3月11日の大震災の後、引きも切らず余震が続いています。大きな地震の後だけに、不安や恐怖を感じている方がとてもたくさんいらっしゃる事だろうと思います。私も時々、地震でもないのに、地面が揺れているように感じて、不安に思うことがあります。

このように、地震が続いた後、常に揺れているように感じたり、気分が悪くなったりすることを「地震酔い」というそうです。今回の地震は特に余震が多く、また長期にわたって続いているので、こうした症状が出ている方が多いと聞きました。中には吐き気やめまいに悩まされている深刻な方もいるそうです。

このような症状が出る原理は「乗り物酔い」と同じで、視覚情報と平衡感覚のずれが脳を混乱させているそうです。数日すれば治まるとのことですが、余震が長期間続いていることや、避難所などの厳しいストレス下にあることなども関係して、症状も長期化するかもしれません。

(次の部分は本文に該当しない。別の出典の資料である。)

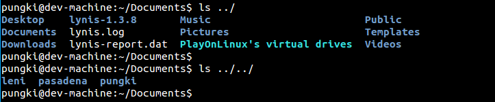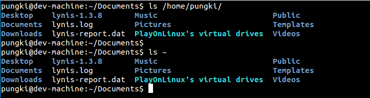 要列出你的主目录,你可以用"~"(波浪号)来代表它。这样你就不必输入完整的目录名。让我们假设家文件名为**/home/pungki**,那么波浪号就对/home/pungki有意义了。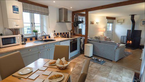 A stunning cottage surrounded by patchwork fields and pockets of woodland on Dux Farm – it’s not just beautiful scenery here – you can wander the 23 acres on site on a circular walk with the dog, stretching your legs together before you’ve even had breakfast (not mandatory for you late risers). A short drive can take you to Sandymouth, Widemouth, Bude, or to any of the smaller coves that litter the coast all the way to Tintagel – offering sandy sprints and coastal walks to get the four-legged friends exercised for the day. Or inland, you can head to the local market towns to explore. At your space, you’ve a modern kitchen to prepare any local ingredients you manage to pick up on your adventures, a comfy L-shape sofa for afternoon naps together by the crackling wood burner, even a bathtub for the two legged and an outdoor wash station for the four!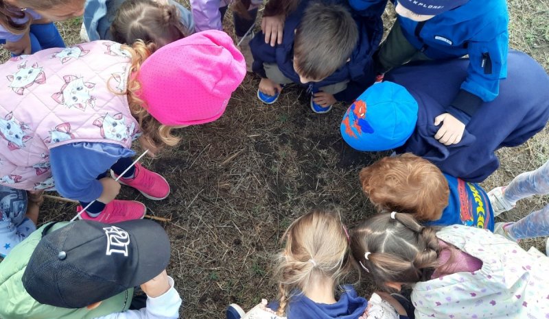 Közvetlenül a kilátó mellett, testközelből tudták megfigyelni a delelésre vonuló juhnyájat. Alaposan szemügyre vehették azt is, milyen külső jegyekben térnek el egymástól az őshonos cigája és rackajuhok. Közben a juhász munkáját segítő, mudi terelőkutyákat is kíváncsian nézegették. Egy nagyobb gyerekcsapat nagyméretű pókot állt körbe. Mint kiderült, hazánk legnagyobb pókfajának, a szongáriai cselőpóknak egy példányára bukkantak.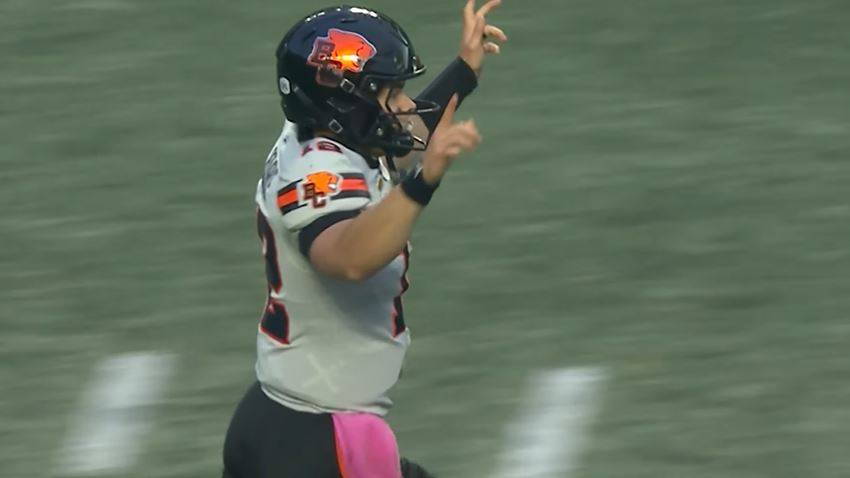 Later, B.C. had the ball on the 37-yard line. Nathan Rourke threw five consecutive passes for 66 yards to the seven-yard line. On the next play, Saskatchewan brought pressure. Rourke scrambled out of the pocket before tossing the ball in the end zone.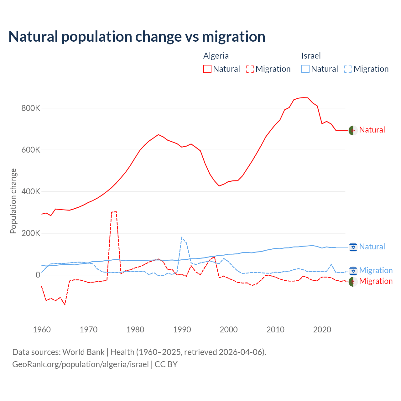 Over the last 10 years, 97.6% of the population change in Algeria is from natural causes (a gain of 7,892,580 people) and 2.42% is from migration (a loss of 195,723 people). In Israel 86% is from natural causes (a gain of 1,343,492 people) and 14% is from migration (a gain of 219,048 people).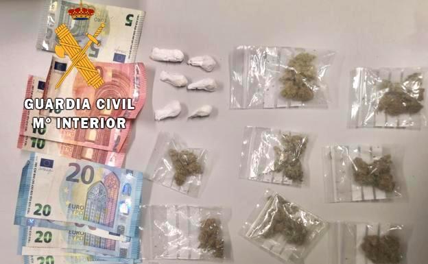 La segunda actuación tuvo lugar el mismo día, cuando, en torno a las 23 horas, agentes de la Guardia Civil de Jarandilla de la Vera, identificaron a un joven en una zona de ocio de Losar de la Vera que portaba en una riñonera once bolsitas con marihuana lista para su venta, así como seis bolsitas pequeñas que contenían cocaína y 235 euros fraccionados en billetes de diverso valor, informa el cuerpo en nota de prensa.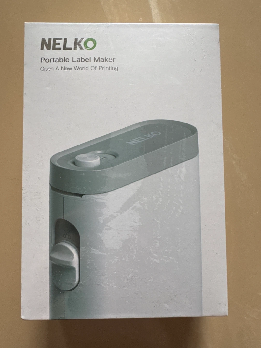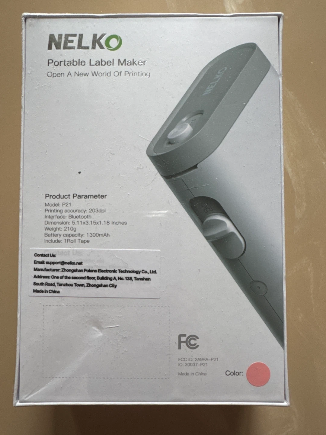 NELKO portable label maker, model P21. It has Bluetooth interface and 203dpi printing accuracy. Battery capacity is 1300mAh and it includes roll tape. This label maker is useful for organizing items at home or in the office.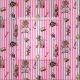 Patterns include Alice, Queen of Hearts, Cards Soldiers, Mad Hatter, White Rabbit, Cheshire Cat, pocket watch, key, crown, potion, tea pot and roses on pink and white striped background.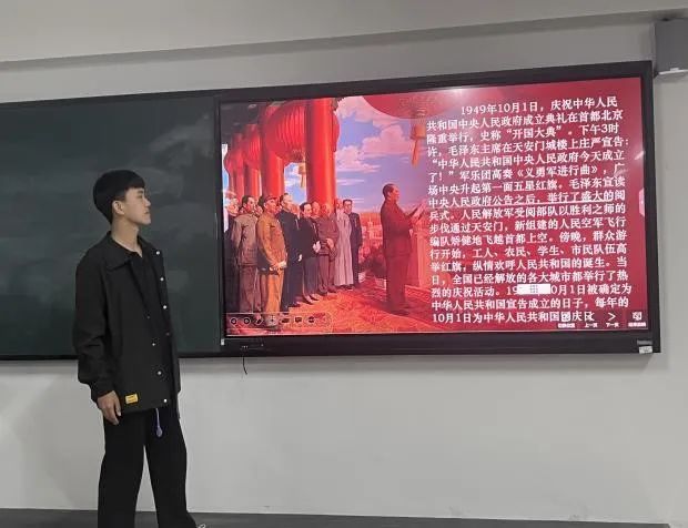 2022级软件工程三班的祝帅同学主要介绍了开国大典的游行:随着阅兵式的结束。此时天色已晚,长安街华灯齐放,群众游行开始了。一队队游行群众高举红旗和红灯,纵情欢呼,“中华人民共和国万岁!”“毛主席万岁!”的口号声响彻云霄。天安门城楼上,毛主席探身栏杆外,不停地向广场上的群众挥手致意,情不自禁地在扩音机前大声高呼:“同志们万岁!”广场上,人们热情洋溢,载歌载舞,万众欢腾,尽情地欢度新中国的第一个夜晚,节日的首都沉浸在幸福、喜悦和欢欣鼓舞中。这一天,在全国已经解放的各大城市,都举行了隆重热烈的庆祝活动。

このストレスの原因(余震や避難所生活)を、完全に取り除くことは今はまだできませんが、リラックスすると症状はぐっと改善するそうです。そのために有効な手段の一つが「深呼吸(腹式呼吸)」です。深く息を吸って、おへその下(丹田)に息を溜めるように意識します。次に吸った時の倍くらいの時間をかけて、口からゆっくり吐き出します。これを何度か繰り返しましょう。

「呼吸を整える」などと表現しますが、意識してゆっくりと呼吸をすると、不思議と心が落ち着きます。地震に限らず、思いがけない状況になった時や思い通りに行かないことがあった時など、気付くと息が荒くなったり呼吸が浅くなったりしてしまいます。私たちが行っているワンデイインプラント治療でも、あご全体に新しい歯が入り、お口の中の環境が一日で大きく変わると、その変化がストレスになってしまう方が時々いらっしゃいます。そのストレスは、「新しい歯では思うように噛めない」「うまく話せない」という症状となって表れます。そのようなときには、まず肩の力を抜いて、ゆっくりと深呼吸をしてもらっています。呼吸が落ち着くと心も落ち着くのか、不快な症状も軽減するようです。ぜひ日常の中でも、意識して深呼吸をする時間を作ってみて下さい。ストレスの緩和に役立つことと思います。